PhRMA sued the state last year, arguing that Maine Rx would hurt Medicaid recipients and would violate the Constitution's commerce clause by seeking to regulate commercial transactions that take place outside of the state.

A federal district court’s ruling last October prevented the state from implementing Maine Rx.

But in May, the appellate court reversed the district court’s decision.

The higher court said Maine Rx did not violate the commerce clause "because it does not regulate conduct occurring outside the state, but only regulates in-state activities."

Under Maine Rx, the state will provide health care providers and the public with the names of manufacturers who do not enter into rebate agreements. The drug products from all noncompliant drug makers will require prior authorization and cannot be dispensed to a Medicaid beneficiary without the approval of the state.

PhRMA contends that the Maine Rx Program will harm Medicaid recipients by impeding access to their physicians' first-choice medications.

But the appellate court disagreed with PhRMA.

"The Act sets forth prior authorization procedures that are consistent with those explicitly permitted by Medicaid," the court said. "PhRMA has not established at this point that the administrative burden imposed by prior authorization will likely harm Medicaid recipients. In the absence of such evidence, we cannot conclude that the Act violates the Supremacy Clause."

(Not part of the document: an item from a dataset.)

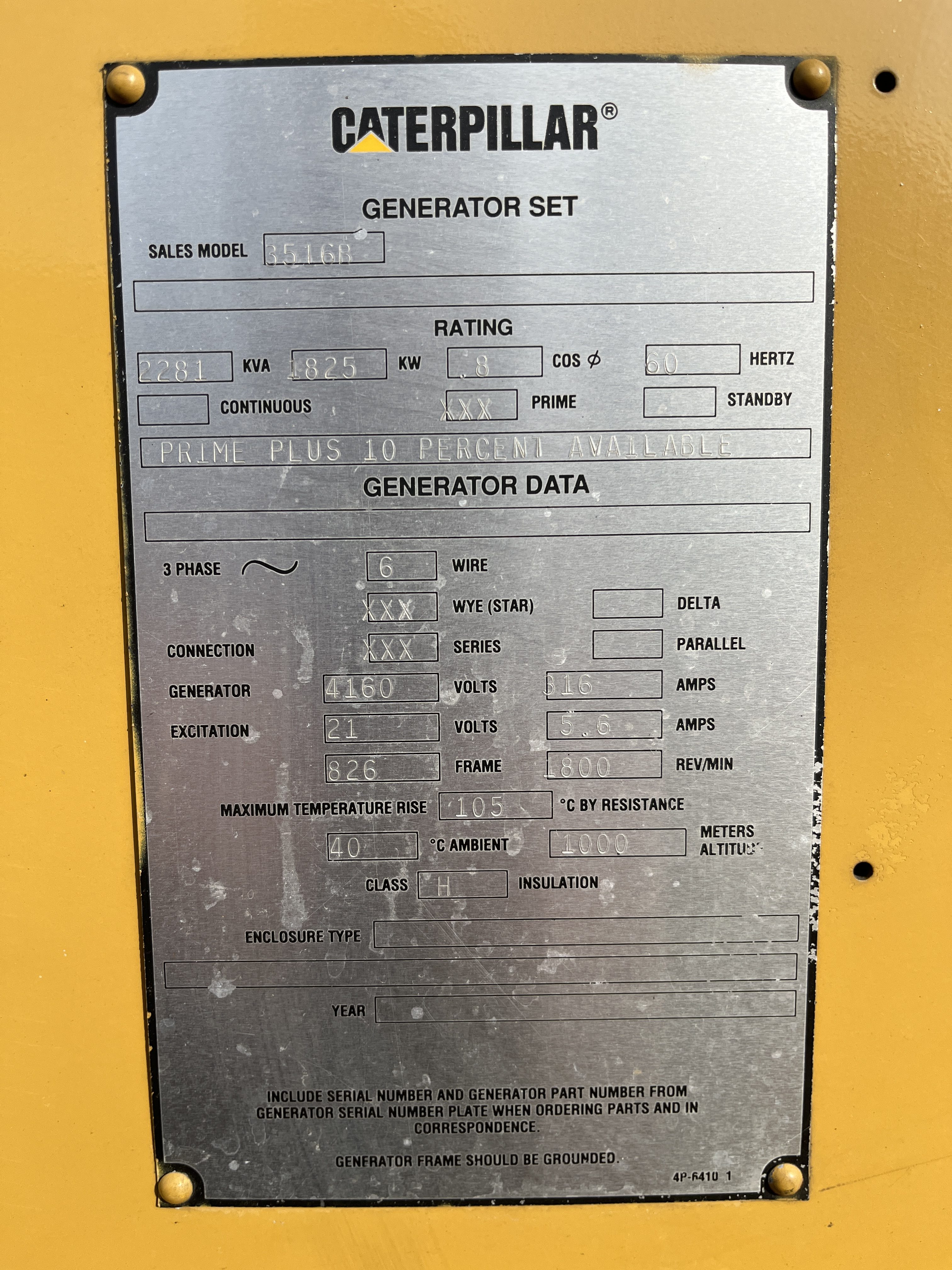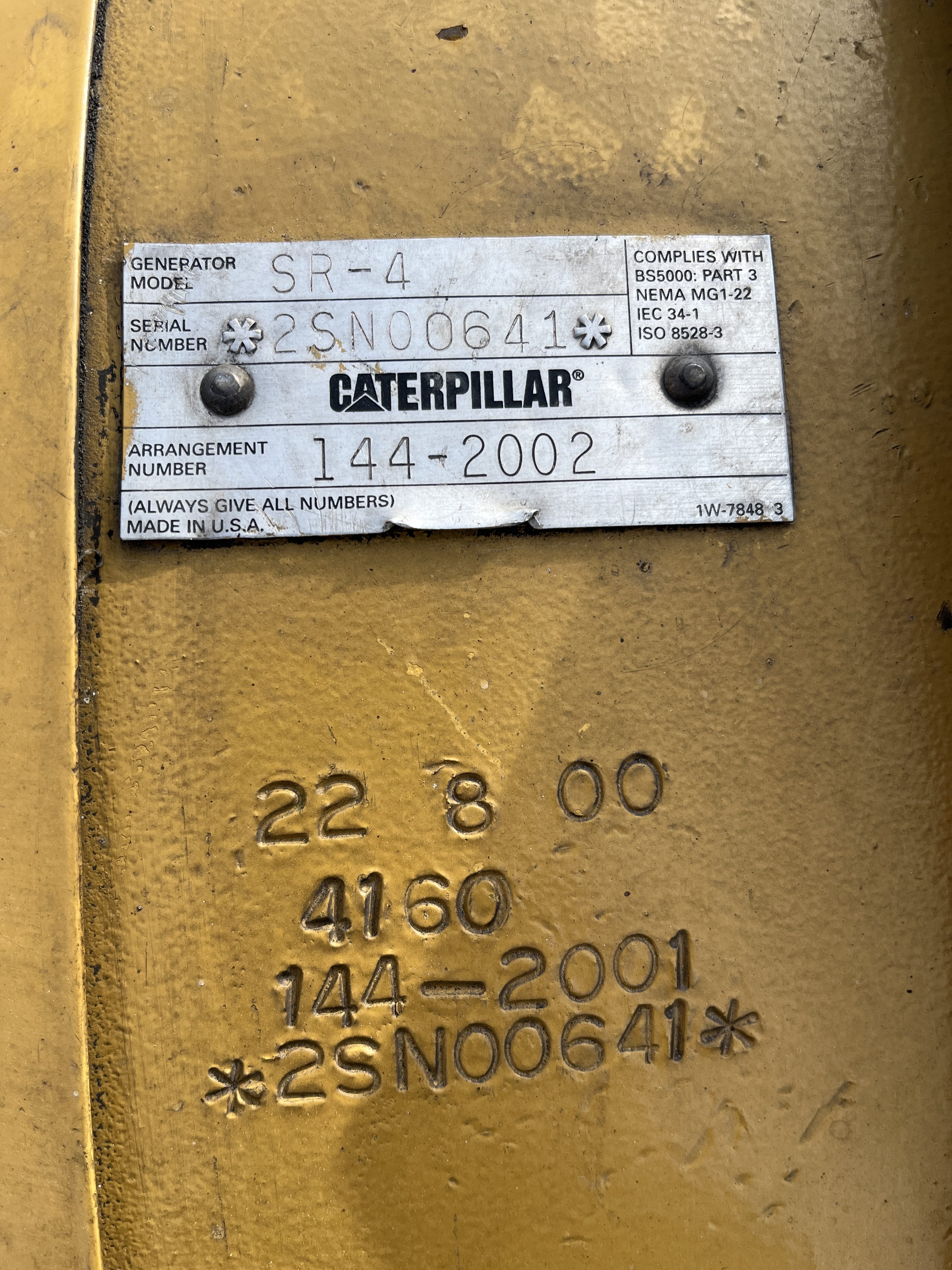 - DESCRIPTION: 2000 Caterpillar SR-4 Generator End Serial# 2SN00641, Arrangement# 144-2002, 2000kW Standby/1825kW Prime, 4160V (6-wire), 60Hz, 0.8pf, 1800RPM, 826 frame, 21 flywheel, Dual-bearing, 00 housing, 0.667 pitch, PMG, 2,962 Original hrs., Good Running Condition, Standby Take-off. Generator-End Only, No Engine, Recently Removed from a 3516B.

But the court left an opening for PhRMA to have the case revisited. "Since both sides agree that the prior authorization requirement is the ‘hammer’ or ‘force’ that coerces manufacturers to enter into the Program, the possibility that first-choice drugs will not be readily approved where second-choice inferior alternatives exist concerns us," the court said last month in its opinion.

"We simply cannot say on this record that the Act conflicts with Medicaid's requirement that state Medicaid plans assure that care will be provided in a manner consistent with the recipients' best interests.

"This decision is without prejudice to PhRMA's right to renew its preemption challenge after implementation of the Act, should there be evidence that Medicaid recipients are harmed by the prior authorization requirement ‘as applied.’"

The state said the program will go into effect this fall.